▶ [Input data]
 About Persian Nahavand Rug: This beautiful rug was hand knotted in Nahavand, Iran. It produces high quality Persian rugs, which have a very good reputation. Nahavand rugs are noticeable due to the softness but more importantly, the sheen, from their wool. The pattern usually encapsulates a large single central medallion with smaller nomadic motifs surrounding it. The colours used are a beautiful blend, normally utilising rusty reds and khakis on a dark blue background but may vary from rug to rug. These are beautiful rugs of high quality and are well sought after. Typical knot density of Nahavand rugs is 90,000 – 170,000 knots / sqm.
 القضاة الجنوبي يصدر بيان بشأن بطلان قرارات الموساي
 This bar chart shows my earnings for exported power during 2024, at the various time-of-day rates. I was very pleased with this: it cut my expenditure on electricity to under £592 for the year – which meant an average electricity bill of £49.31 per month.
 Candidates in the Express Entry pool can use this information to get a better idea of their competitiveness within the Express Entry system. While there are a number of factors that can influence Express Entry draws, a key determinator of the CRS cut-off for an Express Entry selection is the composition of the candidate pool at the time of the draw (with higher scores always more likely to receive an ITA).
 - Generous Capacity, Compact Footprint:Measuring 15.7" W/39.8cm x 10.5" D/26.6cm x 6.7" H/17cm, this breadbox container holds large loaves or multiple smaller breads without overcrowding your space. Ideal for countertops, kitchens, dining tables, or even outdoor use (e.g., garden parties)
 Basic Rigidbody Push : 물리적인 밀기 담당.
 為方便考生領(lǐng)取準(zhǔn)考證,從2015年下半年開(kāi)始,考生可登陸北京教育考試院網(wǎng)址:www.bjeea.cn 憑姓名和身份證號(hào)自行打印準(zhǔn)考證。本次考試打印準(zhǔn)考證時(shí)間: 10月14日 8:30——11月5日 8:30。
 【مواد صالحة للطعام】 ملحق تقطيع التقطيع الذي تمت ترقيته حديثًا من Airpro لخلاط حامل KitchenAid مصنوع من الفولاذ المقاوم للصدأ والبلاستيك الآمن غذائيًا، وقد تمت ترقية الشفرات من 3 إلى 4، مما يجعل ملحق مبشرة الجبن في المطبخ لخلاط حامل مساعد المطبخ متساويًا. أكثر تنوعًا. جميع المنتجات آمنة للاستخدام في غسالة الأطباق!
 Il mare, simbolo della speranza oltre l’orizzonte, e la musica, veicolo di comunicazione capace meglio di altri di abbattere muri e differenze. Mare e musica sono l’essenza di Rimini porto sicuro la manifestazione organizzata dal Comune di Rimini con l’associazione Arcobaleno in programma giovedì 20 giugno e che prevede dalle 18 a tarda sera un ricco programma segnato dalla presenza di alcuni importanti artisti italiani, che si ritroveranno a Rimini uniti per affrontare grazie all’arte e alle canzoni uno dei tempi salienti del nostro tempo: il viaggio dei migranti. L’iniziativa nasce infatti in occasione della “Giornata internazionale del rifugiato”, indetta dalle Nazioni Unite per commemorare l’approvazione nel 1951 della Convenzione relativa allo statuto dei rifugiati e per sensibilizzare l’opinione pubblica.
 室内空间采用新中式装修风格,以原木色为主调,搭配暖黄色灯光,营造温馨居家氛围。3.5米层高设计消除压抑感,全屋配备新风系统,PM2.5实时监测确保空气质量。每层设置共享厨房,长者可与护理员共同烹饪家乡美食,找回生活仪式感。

▶ [What is required]
The response must consist of the lines above, from the first one through the line containing "في غسالة الأطباق!", reproduced exactly.

▶ [Exercise solution]
 About Persian Nahavand Rug: This beautiful rug was hand knotted in Nahavand, Iran. It produces high quality Persian rugs, which have a very good reputation. Nahavand rugs are noticeable due to the softness but more importantly, the sheen, from their wool. The pattern usually encapsulates a large single central medallion with smaller nomadic motifs surrounding it. The colours used are a beautiful blend, normally utilising rusty reds and khakis on a dark blue background but may vary from rug to rug. These are beautiful rugs of high quality and are well sought after. Typical knot density of Nahavand rugs is 90,000 – 170,000 knots / sqm.
 القضاة الجنوبي يصدر بيان بشأن بطلان قرارات الموساي
 This bar chart shows my earnings for exported power during 2024, at the various time-of-day rates. I was very pleased with this: it cut my expenditure on electricity to under £592 for the year – which meant an average electricity bill of £49.31 per month.
 Candidates in the Express Entry pool can use this information to get a better idea of their competitiveness within the Express Entry system. While there are a number of factors that can influence Express Entry draws, a key determinator of the CRS cut-off for an Express Entry selection is the composition of the candidate pool at the time of the draw (with higher scores always more likely to receive an ITA).
 - Generous Capacity, Compact Footprint:Measuring 15.7" W/39.8cm x 10.5" D/26.6cm x 6.7" H/17cm, this breadbox container holds large loaves or multiple smaller breads without overcrowding your space. Ideal for countertops, kitchens, dining tables, or even outdoor use (e.g., garden parties)
 Basic Rigidbody Push : 물리적인 밀기 담당.
 為方便考生領(lǐng)取準(zhǔn)考證,從2015年下半年開(kāi)始,考生可登陸北京教育考試院網(wǎng)址:www.bjeea.cn 憑姓名和身份證號(hào)自行打印準(zhǔn)考證。本次考試打印準(zhǔn)考證時(shí)間: 10月14日 8:30——11月5日 8:30。
 【مواد صالحة للطعام】 ملحق تقطيع التقطيع الذي تمت ترقيته حديثًا من Airpro لخلاط حامل KitchenAid مصنوع من الفولاذ المقاوم للصدأ والبلاستيك الآمن غذائيًا، وقد تمت ترقية الشفرات من 3 إلى 4، مما يجعل ملحق مبشرة الجبن في المطبخ لخلاط حامل مساعد المطبخ متساويًا. أكثر تنوعًا. جميع المنتجات آمنة للاستخدام في غسالة الأطباق!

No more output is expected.